# Recent Photos of Cassie



## shari313 (Apr 8, 2011)

i was having a rough morning with my son and Cassie. He kept opening the gate to wander into the house or whatever, and she would bolt every time. urgh. so after a while, i remembered that i had a tie out from a year ago. so in these photos, she's on a tie out. it actually ended up making it easier to take photos. i don't usually put her on the tie out, but i was needing a break from trying to keep luring her back into the yard every time Gideon let her out. ugh.


----------



## sonatalady7 (Apr 4, 2011)

Love the pictures - especially the one with Cassie and your little boy.

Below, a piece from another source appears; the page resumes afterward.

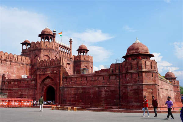 2025年8月21日,人们在位于印度首都新德里的德里红堡游览。新华社记者 伍岳 摄
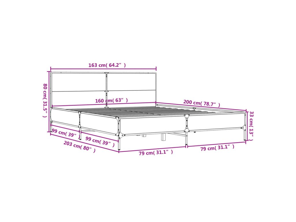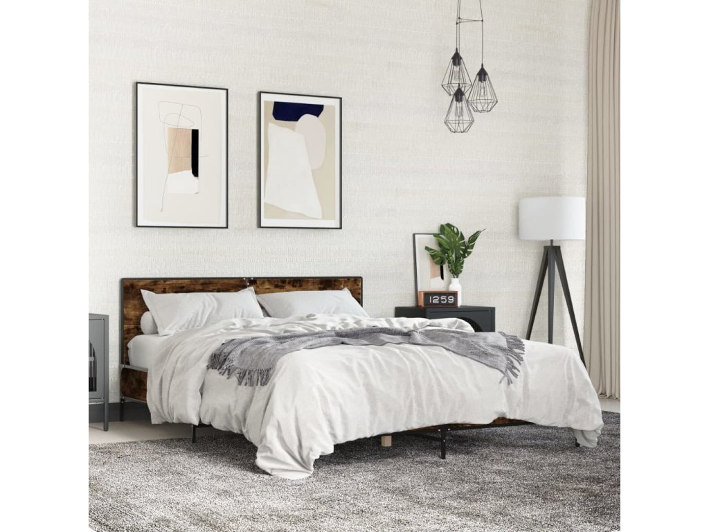vidaXL Posteľný rám dymový dub 160x200 cm kompozitné drevo a kov

I think kids a dogs go together so well!


----------



## shari313 (Apr 8, 2011)

thanks, paula. 
i had to rehome a yorkiepoo last year, because he was really afraid of my boys, and didn't really want to get close with my hubbie. he was just obsessed with me. so i found him a single lady he could be obsessed with in peace.

when i saw Cassie, and how she handled the kids at her house, i knew she was the one for us. it's like they trained her just for us. she lived in Josette's family for a year, with a 8 year old and 2 year old. the 2 year old was pretty rough with her, and Cassie just took it in stride, and never was aggressive with the kids. i was so thankful. 

She's great with my boys, and loves my husband. i'm so thankful to have her. she's the best. a very good fit.


----------



## lady amanda (Nov 26, 2010)

awww great pics


----------



## weez74 (Feb 9, 2011)

Lovely pictures and such a nice story as well. She must be so glad you adopted her!

I sympathise totally with you too - my kids make training Rosie a lot more difficult. But, they just love each other. It's like Rosie's always been with us.


----------



## Enneirda. (Mar 5, 2010)

Nice pictures.  It's great to that she's working out so well with your family.


----------